Stored records:
================================

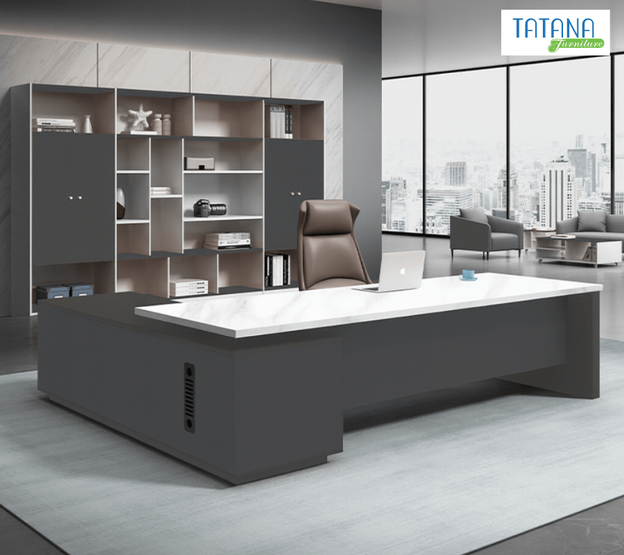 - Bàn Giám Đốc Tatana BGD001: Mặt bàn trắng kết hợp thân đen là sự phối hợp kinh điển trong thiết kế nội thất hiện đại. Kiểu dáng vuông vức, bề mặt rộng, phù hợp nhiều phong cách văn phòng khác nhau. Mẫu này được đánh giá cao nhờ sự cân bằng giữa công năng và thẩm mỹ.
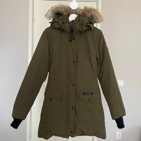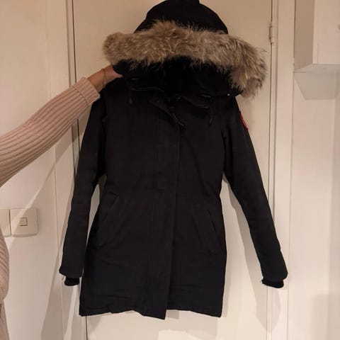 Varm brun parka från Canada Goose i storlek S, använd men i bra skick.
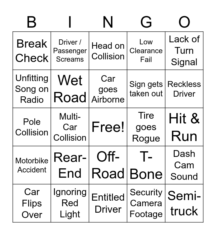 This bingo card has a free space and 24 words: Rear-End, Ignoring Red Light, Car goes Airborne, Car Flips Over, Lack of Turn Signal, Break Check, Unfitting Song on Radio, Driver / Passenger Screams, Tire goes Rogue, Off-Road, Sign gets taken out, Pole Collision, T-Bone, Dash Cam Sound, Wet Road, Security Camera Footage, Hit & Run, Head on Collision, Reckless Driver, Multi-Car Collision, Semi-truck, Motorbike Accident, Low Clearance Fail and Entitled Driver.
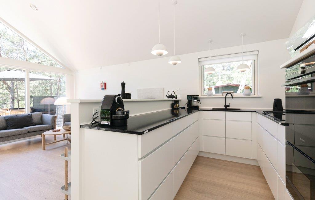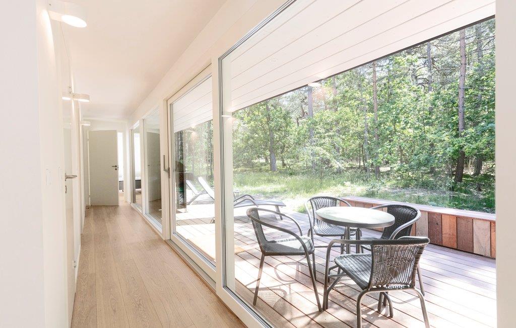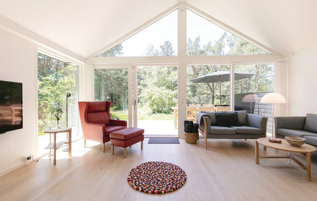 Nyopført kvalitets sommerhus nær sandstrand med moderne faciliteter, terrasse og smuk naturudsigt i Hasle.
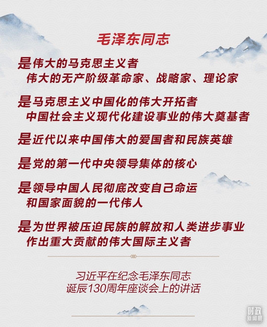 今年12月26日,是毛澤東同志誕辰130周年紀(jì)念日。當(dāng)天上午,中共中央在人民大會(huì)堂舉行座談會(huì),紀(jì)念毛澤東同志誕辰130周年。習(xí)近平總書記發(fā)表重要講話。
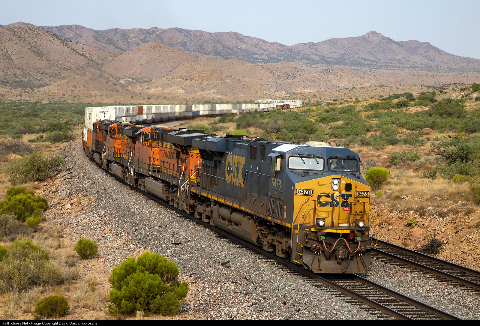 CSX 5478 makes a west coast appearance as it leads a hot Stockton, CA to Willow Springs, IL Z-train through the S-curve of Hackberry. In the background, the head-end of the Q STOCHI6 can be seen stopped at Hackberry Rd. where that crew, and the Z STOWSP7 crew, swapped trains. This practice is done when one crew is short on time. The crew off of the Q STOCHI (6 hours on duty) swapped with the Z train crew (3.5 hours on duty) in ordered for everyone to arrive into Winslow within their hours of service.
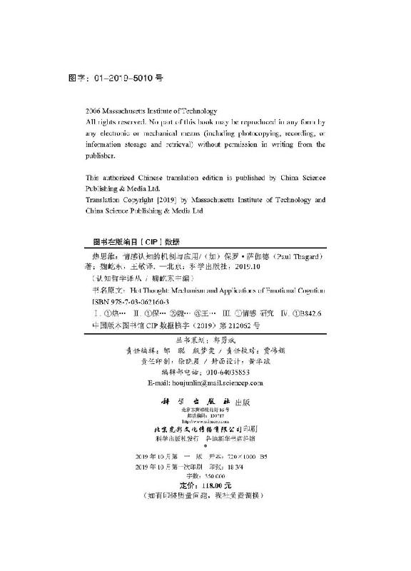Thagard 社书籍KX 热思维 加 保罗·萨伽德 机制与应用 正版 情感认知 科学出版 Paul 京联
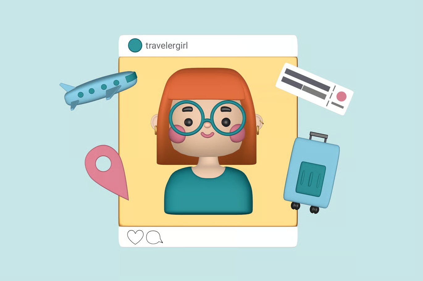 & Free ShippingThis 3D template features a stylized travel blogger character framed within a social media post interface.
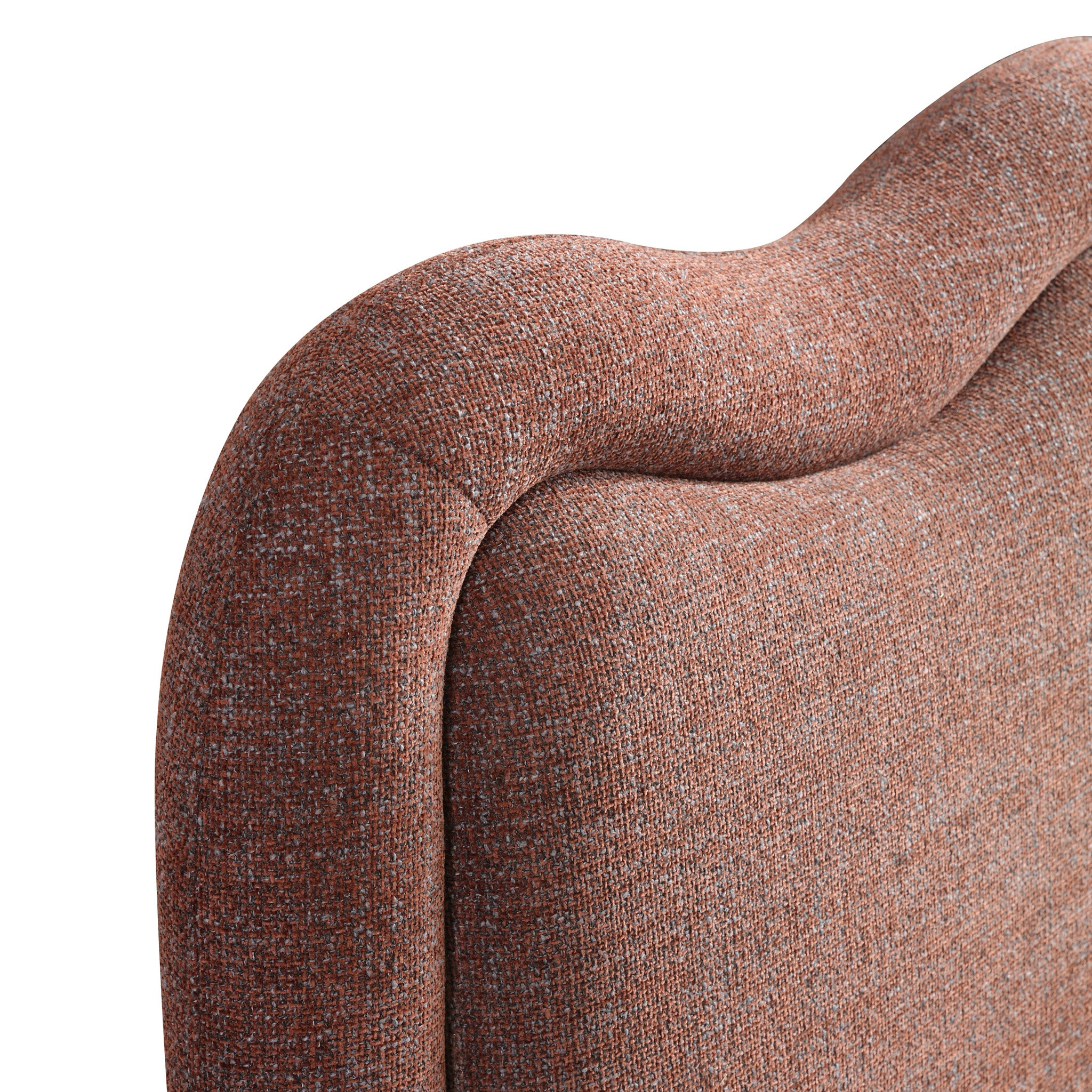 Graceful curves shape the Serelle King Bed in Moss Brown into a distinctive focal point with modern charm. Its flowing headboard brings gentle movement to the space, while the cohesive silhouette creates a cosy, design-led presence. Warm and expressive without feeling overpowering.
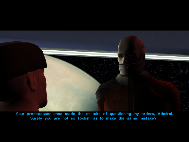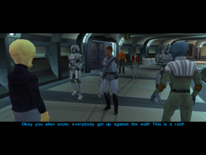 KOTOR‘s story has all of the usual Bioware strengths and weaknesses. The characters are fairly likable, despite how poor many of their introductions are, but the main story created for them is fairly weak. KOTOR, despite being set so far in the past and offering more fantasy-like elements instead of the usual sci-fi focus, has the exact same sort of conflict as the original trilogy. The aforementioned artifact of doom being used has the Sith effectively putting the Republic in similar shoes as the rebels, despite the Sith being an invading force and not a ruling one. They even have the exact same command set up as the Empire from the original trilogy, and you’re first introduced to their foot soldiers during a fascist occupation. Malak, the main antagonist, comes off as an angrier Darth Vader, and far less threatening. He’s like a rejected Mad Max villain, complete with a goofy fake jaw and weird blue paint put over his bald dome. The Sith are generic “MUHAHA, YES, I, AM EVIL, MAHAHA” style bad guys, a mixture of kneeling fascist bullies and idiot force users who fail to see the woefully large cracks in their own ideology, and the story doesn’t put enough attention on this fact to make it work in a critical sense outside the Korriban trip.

================================

"Varm brun parka" marks the last line to keep. Retype every line from the start of the entries through that one, exactly, and drop the pictures.

 - Bàn Giám Đốc Tatana BGD001: Mặt bàn trắng kết hợp thân đen là sự phối hợp kinh điển trong thiết kế nội thất hiện đại. Kiểu dáng vuông vức, bề mặt rộng, phù hợp nhiều phong cách văn phòng khác nhau. Mẫu này được đánh giá cao nhờ sự cân bằng giữa công năng và thẩm mỹ.
 Varm brun parka från Canada Goose i storlek S, använd men i bra skick.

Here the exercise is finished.